In step 260. a respective distance is computed from each of the set of elements to the point of tap. Again, the center of the element may be conveniently considered as a point from which the distance is computed. The distance can thus be a linear distance between the point of tap and the element.
In step 280, a first element of the set of elements having the shortest computed distance as the element is determined. The determination entails comparing the computed distances. The determined element is deemed to be the element selected by the user in the touch area on the touch screen.
In step 290, the display is updated on touch screen 110 to reflect the selected element. For example, the selected element may be highlighted more compared to other elements on the display. The flowchart ends in step 299.
It may be appreciated that the computational complexity in determining the selected element is reduced by using the zone based approach of above.
The above noted approaches and some other features of the present disclosure are illustrated below with respect to various examples.

4. Examples

FIGS. 3A-3F represents displays on touch screen 110 at respective time instances, and illustrates some of the features of the present disclosure, as described below.
FIG. 3A depicts the display (on touch screen 110) containing various elements. FIG. 3B depicts an area touched by thumb 311 of a user. Only the outline of thumb is shown for ease of understanding. As may be readily observed, the touched area covers (display area of) several elements. Tap point 321 representing the approximate central point of the touch is shown.
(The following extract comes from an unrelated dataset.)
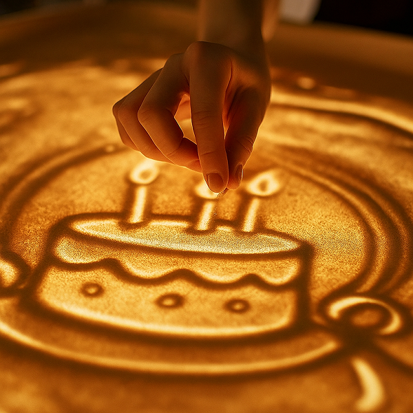 Организация мероприятия с элементами песочной анимация — это возможность сделать ваш праздник по-настоящему уникальным. Особенно актуальна песочная анимация на детский праздник— ведь дети и взрослые с одинаковым восторгом наблюдают, как из струек песка рождаются сказочные картины. Наши талантливые мастера работают над каждым проектом с душой и вниманием к деталям, создавая персональные сказки и визуальные история.

FIG. 3C depicts on a magnified scale, the elements in zone 322 surrounding tap point 321 (represented as a small circle). While zone 322 is shown as a rectangle with the tap point as the centre merely for illustration, the zone can be of alternative shape (but containing the tap point at some point to the middle, or any suitable convention according to the expectations set to the user). In view of the densely characterized display of FIG. 3C (i.e., each element being so small that multiple elements may be covered by a touch area), only those elements that have display area entirely included in (covered by) zone 322 may be considered to be within zone 322 (thereby being candidates to be in the set of elements of step 250).
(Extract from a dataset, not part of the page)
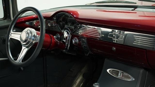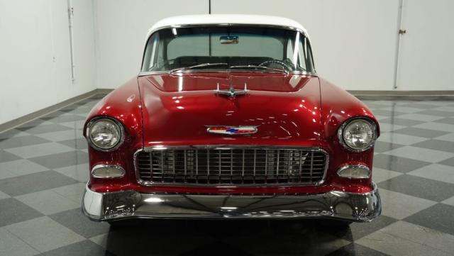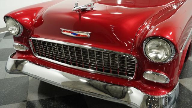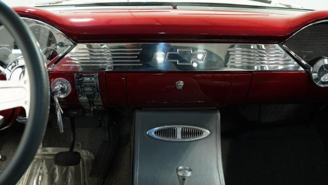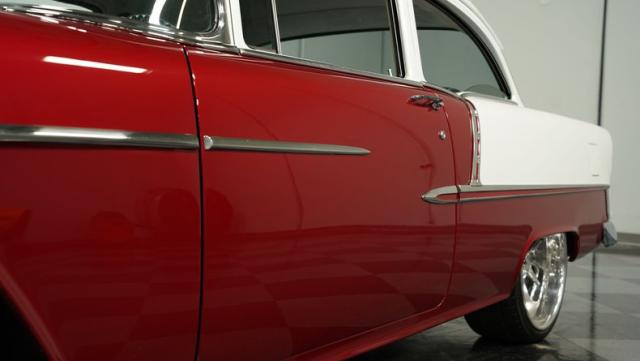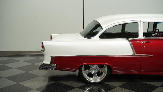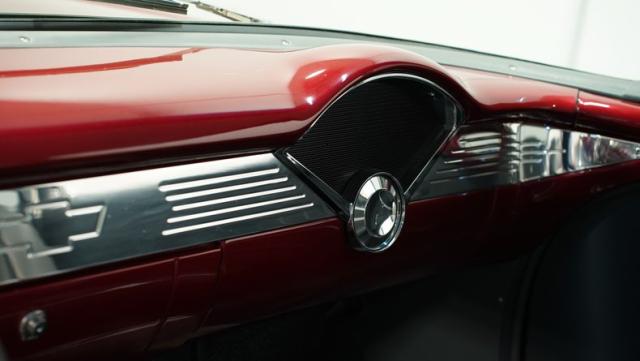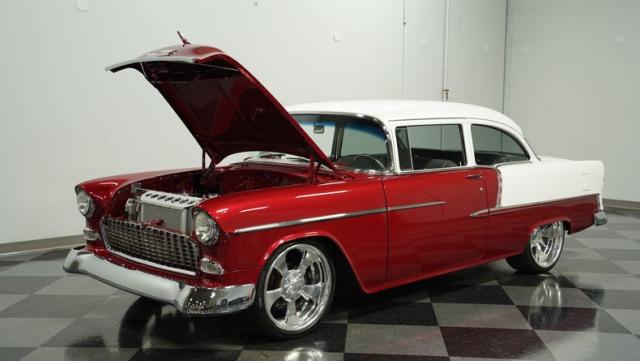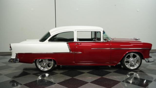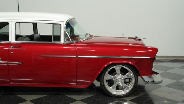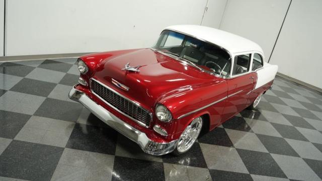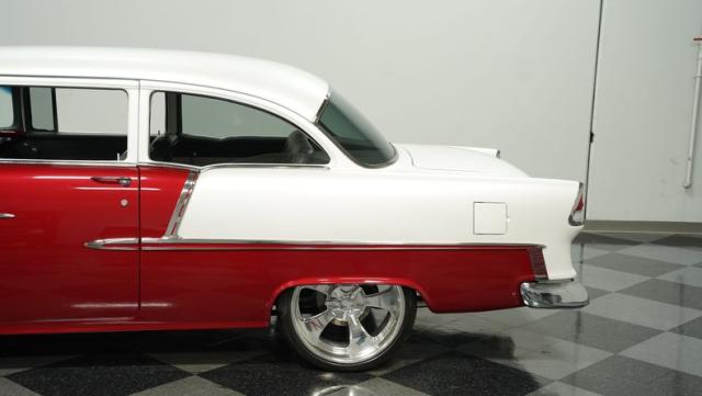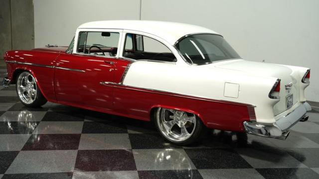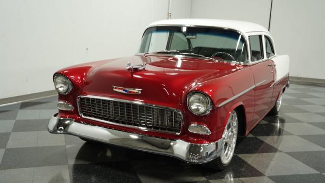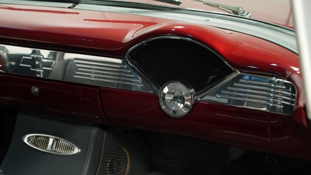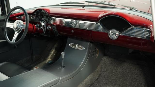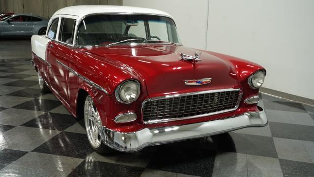 This 1955 Chevrolet 210 LS Restomod, classic American automotive design, now beefed up with a stance that demands respect. The deep burgundy hue meets the sophistication of white pearl, creating a visual spectacle. Rolling on 20\" Billet Specialties wheels shod in performance rubber, it features chrome bumpers and a grille that glint under the sun, complemented by stainless trim outlining its distinctive curves.

Element 324 may be observed to be at the shortest distance (compared to other elements having presence in zone 322) to tap point 321, and is accordingly determined to be the element corresponding to the touch operation. In case two elements are equally short distant, one of the elements (e.g., the first one) can be chosen as the selected element.
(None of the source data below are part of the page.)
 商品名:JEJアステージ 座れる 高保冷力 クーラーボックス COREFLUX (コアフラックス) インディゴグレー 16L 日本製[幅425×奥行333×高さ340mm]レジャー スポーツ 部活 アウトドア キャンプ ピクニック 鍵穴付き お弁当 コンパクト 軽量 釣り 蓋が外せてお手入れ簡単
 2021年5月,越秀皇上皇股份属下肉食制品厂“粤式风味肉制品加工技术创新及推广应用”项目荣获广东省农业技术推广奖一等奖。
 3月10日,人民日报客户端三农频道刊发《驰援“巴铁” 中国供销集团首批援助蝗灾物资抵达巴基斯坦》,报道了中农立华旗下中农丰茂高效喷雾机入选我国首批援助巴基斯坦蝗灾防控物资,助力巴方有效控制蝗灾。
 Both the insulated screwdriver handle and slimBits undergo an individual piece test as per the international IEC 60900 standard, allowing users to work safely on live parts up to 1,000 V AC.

FIG. 3D depicts display of a tool tip associated with the selected element 324. It should be appreciated other actions (e.g., merely highlighting) may be performed associated with the selected element. It should be appreciated that the zone may be configured to be reasonably large to ensure even elements slightly farther from the touch(ed) area may be selected.
According to another aspect, some level of overlap with zone 322 may qualify an element to be included in the set of elements of step 250, as illustrated with the example of FIG. 3E As shown there, zone 322 based on point of tap 321, does not cover the centre of any of the elements (and consequently does not cover any entire element). In such a case, the distance for each element may be computed to the closest boundary of the element. Thus, element 373, overlapping at least to some extent with zone 322 and having a closer boundary (compared to element 376), is determined to be the selected element. The corresponding tooltip is shown displayed.
FIG. 3F depicts elements 391-394 (each as a single point) connected as a line graph. Zone 322 is shown covering elements 392 and 393. Element 393 is shown as a selected element upon touch at point of tap 321. Though two elements 392 and 393 are covered by zone 322, element 393 is shown as being selected, since element 393 is closer than element 392. Thus, here the intended desired element would be selected even if the tap point does not precisely fall on a small display element.
While the approach illustrated associated with FIGS. 3A-3D is suitable in case of densely populated displays, the approach of FIGS. 3E-3F may be suitable in case of less densely populated displays, where the touch area may not ordinarily cover multiple elements. The Figures also illustrate that the features described above can be used in conjunction with various types of data elements.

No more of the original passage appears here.